Referring to the four-spin amplitude of fig. 1, where dashed
lines denote $n_{1/16}$ charges and continuous lines denote $n_0$
charges, let us observe that only the identity flows in the $s$ channel
(fig. 1a), while both the identity and the energy flow in the $u$
channel.  Aside from a prefactor, the amplitude of fig. 1a is \be A_a
\ = \ Tr({\Lambda_1}^T \ {\Lambda_2} \ {\Lambda_3}^T \ {\Lambda_4})
\   \sqrt{1 + \sqrt{1-x}} \qquad , \label{aas} \ee where the limit of
small values for the cross-ratio  $x = {\small{{z_{12} z_{34}} \over
{z_{13} z_{24}}}}$ exhibits the $s$ channel, while the transformation
$x \rightarrow (1-x)$ exposes  the $u$ channel.  The duality
transformations of the conformal blocks amount in this case to a
familiar identity and, dropping again a prefactor, $A_a$ becomes
\be
A_a \ = \  Tr(  {\Lambda_4} \ {\Lambda_1}^T \ {\Lambda_2} \
{\Lambda_3}^T ) \
\biggl(\sqrt{1 +  \sqrt{1-x}} + \sqrt{1 -
\sqrt{1-x}} \ \biggr) \qquad .
\label{aau}
\ee

The corresponding ``twisted'' $u$-channel contribution of fig. 1b
unfolds into an amplitude where the identity flows in the $t$ channel while,
again, both the identity and the energy flow in the $u$ channel, with the {\it
same} sign.
Indeed, following ref. \cite{schwarz}, the ``twisted'' contribution may be
exposed by performing the transformation $x \rightarrow x/(1+x)$
in an amplitude obtained from eq. (\ref{aau}) by the
interchange of the external legs $2$ and $3$.  This operation may be
regarded as the
the braiding $B_1 : x \rightarrow e^{i \pi} \ x/(1-x)$ followed by the
reflection $x \rightarrow e^{- i \pi} \ x$.  The
``twisted'' contribution is then
\be
A_a^{(tw)} \ = \ Tr(  {\Lambda_4} \ {\Lambda_1}^T \ {\Lambda_3} \
{\Lambda_2}^T ) \ \biggl(\sqrt{1 +  \sqrt{1+x}} + \sqrt{\sqrt{1+x}-1} \
\biggr) \qquad ,  \label{aat}
\ee
and thus {\it for all levels} the identity and energy states with
a pair of $n_{1/16}$ charges have identical ``twist'' properties,
consistently with the M\"obius amplitude of eq. (\ref{misingr}).

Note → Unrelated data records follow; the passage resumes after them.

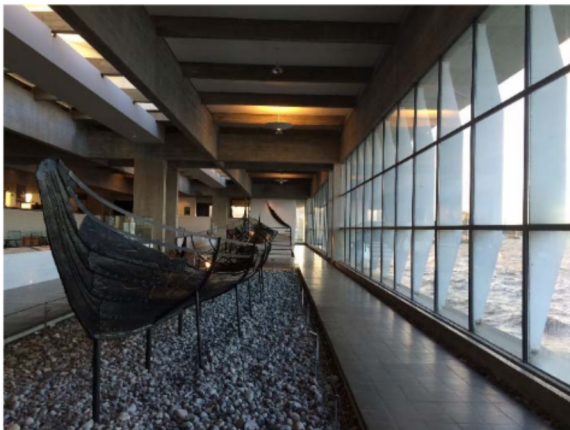
The Viking Ship Museum 2018. Interior.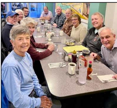
Monthly Muskegon Rotary Leadership meeting at Carmen's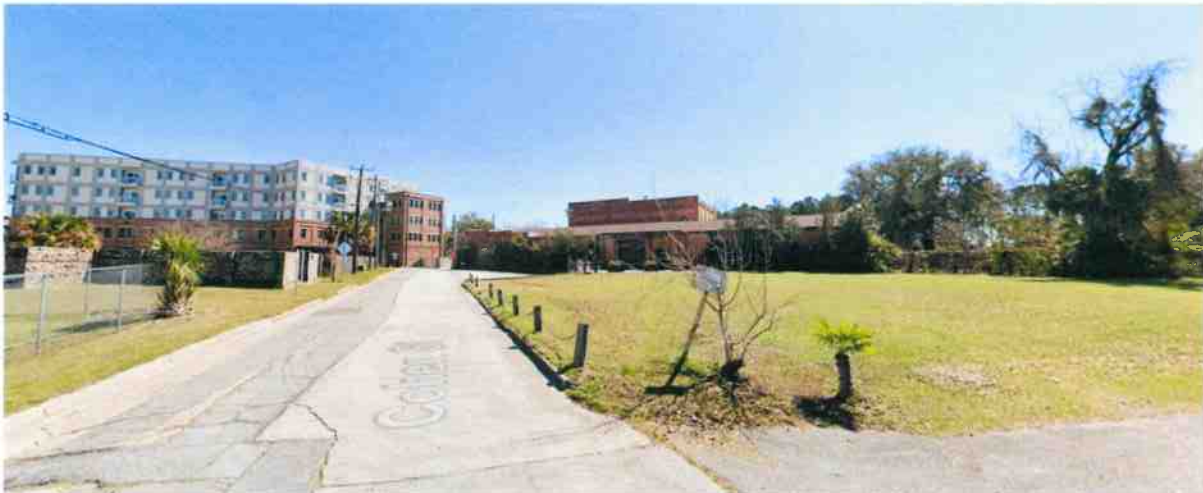
A view of Savannah Station and The Blake from the site proposed for development on Cohen St (right).

MPC Staff Comment: The proposed amendment is not a revision to bring a local ordinance into conformance with state or federal law.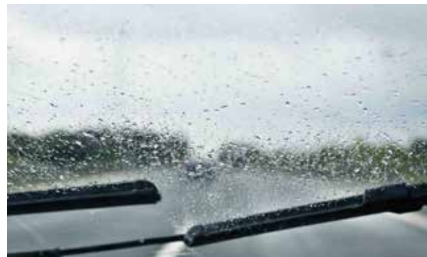
To this...in a matter of seconds.

The four-spin amplitude for the Ising model with complex charges
is displayed in fig. 2.  As before,
dashed lines denote $n_{1/16}$ charges, but now the remaining
lines carry arrows associated to the ``complex'' charges $m$ and
$\bar{m}$, and eq. (\ref{aau}) is replaced by
\be
A_b \ = \ Tr({M_1}^{\dagger} \ {M_2} \ {M_3}^{\dagger} \
{M_4}) \ \biggl(\sqrt{1 +
\sqrt{1-x}} + \sqrt{1 -
\sqrt{1-x}} \ \biggr) \qquad .
\label{acu}
\ee
However, unfolding  the ``twisted'' diagram now inverts the relative
orientation  of the arrows (fig. 2b) and, consistently with the
partition function, the resulting amplitude
\be
A_b^{(tw)} \ = \ Tr({M_1}^{\dagger} \ {M_3}^{\ast} \ {M_2}^{T} \ {M_4}) \
\sqrt{1 - \sqrt{1-x}}
\label{acs}
\ee
propagates the energy, not the identity, in the
$t$ channel.  Therefore, the ``twisted'' $u$-channel contribution
to $A_b$,
\be
A_b^{(tw)} \ = \ Tr({M_1}^{\dagger} \ {M_3}^{\ast} \ {M_2}^{T} \ {M_4}) \
\biggl(\sqrt{1 + \sqrt{1+x}} - \sqrt{\sqrt{1+x}-1} \ \biggr) \qquad  ,
\label{act}
\ee
now involves energy and identity with {\it opposite} signs.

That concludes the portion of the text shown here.